— Сынок! Это мой последний разговор с тобой, и, переправив письмо, я окончательно ухожу от тебя…
Мама.
Витя, я уверена, мое письмо дойдёт до тебя, хотя я за линией фронта и за
колючей проволокой еврейского гетто. Твой ответ я никогда не получу, меня не будет. Я хочу, чтобы ты знал о моих последних днях, с этой мыслью мне легче уйти из жизни.
Людей, Витя, трудно понять по-настоящему…
Седьмого июля немцы ворвались в город. Под утро я заснула и, когда проснулась, почувствовала страшную тоску. Я была в своей комнате, в своей постели, но ощутила себя на чужбине, затерянная, одна. Этим же утром мне напомнили забытое за годы советской власти, что я еврейка. Немцы ехали на грузовике и кричали: «Juden kaputt!».
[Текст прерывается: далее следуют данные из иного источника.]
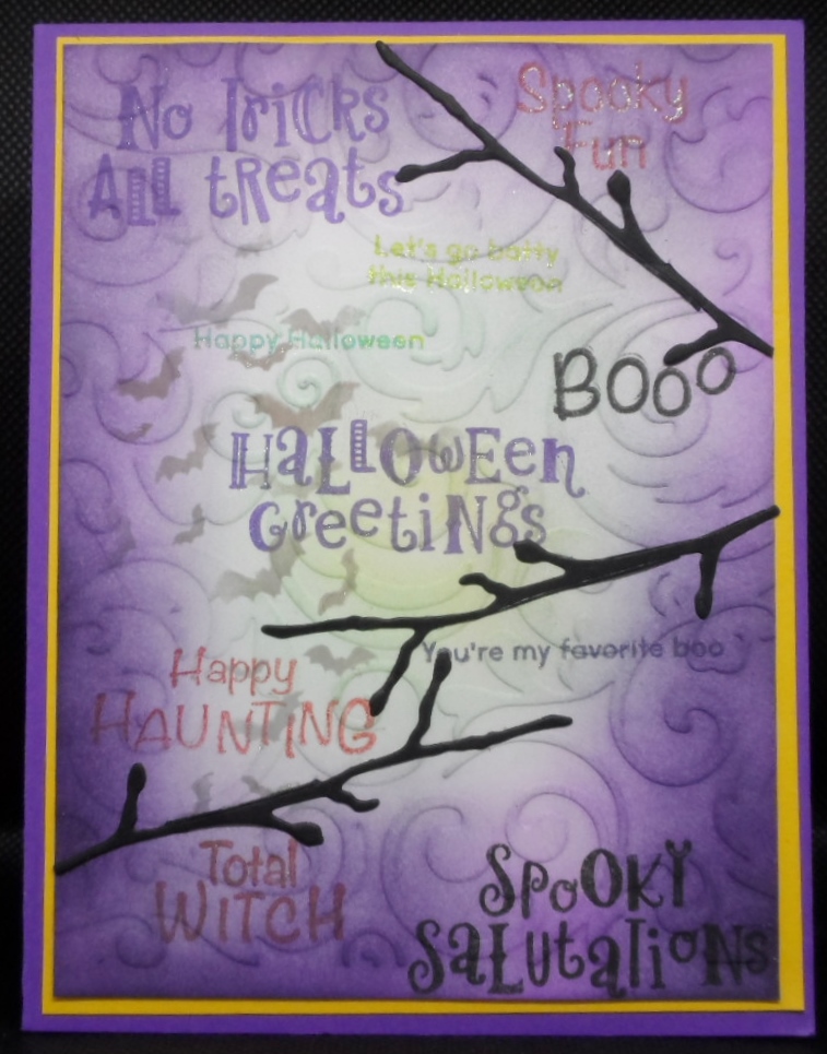 Love these Halloween challenges! It’s a great way to help finish my cards. For today’s card, I stamped, stenciled, ink blended, dry embossed and heat embossed a variety of my stash. It was a variety of stamp sets for the greetings like Simon Says Stamp’s Happy Haunting, a set from Recollections Halloween, bat stencil. This was fun to make and I should have noted all of the stamps and items used before losing them on my desk!!

А затем мне напомнили об этом некоторые мои соседи. Жена дворника стояла под моим окном и говорила соседке: «Слава Богу, жидам конец».
Откуда это?
Сын её женат на еврейке, и старуха ездила к сыну в гости, рассказывала мне о внуках… Вскоре объявили о переселении евреев, разрешили взять с собой 15 килограммов вещей. Ну вот, Витенька, собралась и я. Взяла я с собой подушку, немного белья, чашечку, которую ты мне когда-то подарил, ложку, нож, две тарелки. Много ли человеку нужно? Взяла твои письма, фотографии покойной мамы и дяди Давида, и ту, где ты с папой снят, томик Пушкина…
Простилась с домом, с садиком, посидела несколько минут под деревом, простилась с соседями. Странно устроены некоторые люди. Две соседки при мне стали спорить о том, кто возьмёт себе стулья, кто письменный столик, а стала с ними прощаться, обе заплакали.
Как печален был мой путь, сыночек, в средневековое гетто. Я шла по городу, в котором проработала 20 лет. Шли мы по мостовой, а на тротуарах стояли
люди и смотрели. Видела много знакомых лиц. Одни слегка кивали мне, прощаясь, другие отворачивались. Мне кажется, в этой толпе равнодушных
глаз не было; были любопытные, были безжалостные, но несколько раз я видела заплаканные глаза. Я посмотрела — две толпы, евреи в пальто, шапках, женщины в тёплых платках, а вторая толпа на тротуаре одета по-летнему.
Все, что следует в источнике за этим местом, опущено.